Then Victoria called over a respectable gentleman, greying at the temples, who was smoking a black cheroot and who grinned as if he had the toothache. “And this is Robert,” she said. “Robert, this is Yvaine. She’s waiting for her young man. Yvaine, this is Robert Monday. And on Friday next, at midday, I shall be Victoria Monday. Perhaps you could make something of that, my dear, in your speech at the wedding breakfast—that on Friday there will be two Mondays together!”
And Mr. Monday puffed on his cheroot, and told his bride-to-be that he would certainly consider it.
“Then,” asked Yvaine, picking her words with care, “you are
not
marrying Tristran Thorn?”
“No,” said Victoria.
“Oh,” said the star. “Good.” And she sat down again.
* * *
S
he was still sitting there when Tristran came back through the gap in the wall, several hours later. He looked distracted, but brightened up when he saw her. “Hello, you,” he said, helping her to her feet. “Have a good time waiting for me?”
“Not particularly,” she said.
“I’m sorry,” said Tristran. “I suppose I should have taken you with me, into the village.”
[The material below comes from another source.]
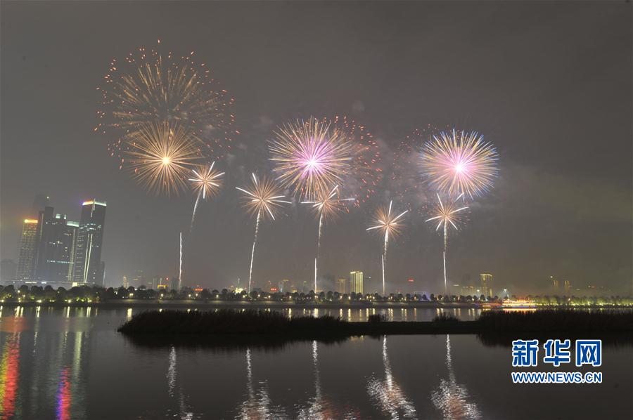2017年1月1日夜晚,長沙橘子洲附近湘江上空綻放絢麗焰火。當(dāng)晚,湖南長沙橘子洲舉行焰火晚會(huì)慶祝新年到來。整場焰火晚會(huì)主題為“多彩星城、魅力長沙”,焰火燃放時(shí)間約20分鐘。 新華社記者 龍弘濤攝

“No,” said the star, “You shouldn’t have. I live as long as I am in Faerie. Were I to travel to your world, I would be nothing but a cold iron stone fallen from the heavens, pitted and pocked.”
“But I almost took you through with me!” said Tristan, aghast. “I tried to, last night.”
“Yes,” she said. “Which only goes to prove that you are indeed a ninny, a lackwit, and a . . . a clodpoll.”
“Dunderhead,” offered Tristran. “You always used to like calling me a dunderhead. And an oaf.”
“Well,” she said, “you are all those things, and more besides. Why did you keep me waiting like that? I thought something terrible had happened to you.”
“I’m sorry,” he told her. “I won’t leave you again.”
“No,” she said, seriously and with certainty, “you will not.”
His hand found hers, then. They walked, hand in hand, through the market. A wind began to come up, flapping and gusting at the canvas of the tents and the flags, and a cold rain spat down on them. They took refuge under the awning of a book stall, along with a number of other people and creatures. The stallholder hauled a boxful of books further under the canvas, to ensure that it did not get wet.
“Mackerel sky, mackerel sky, not long wet nor not long dry,” said a man in a black silk top hat to Tristran and Yvaine. He was purchasing a small book bound in red leather from the bookseller.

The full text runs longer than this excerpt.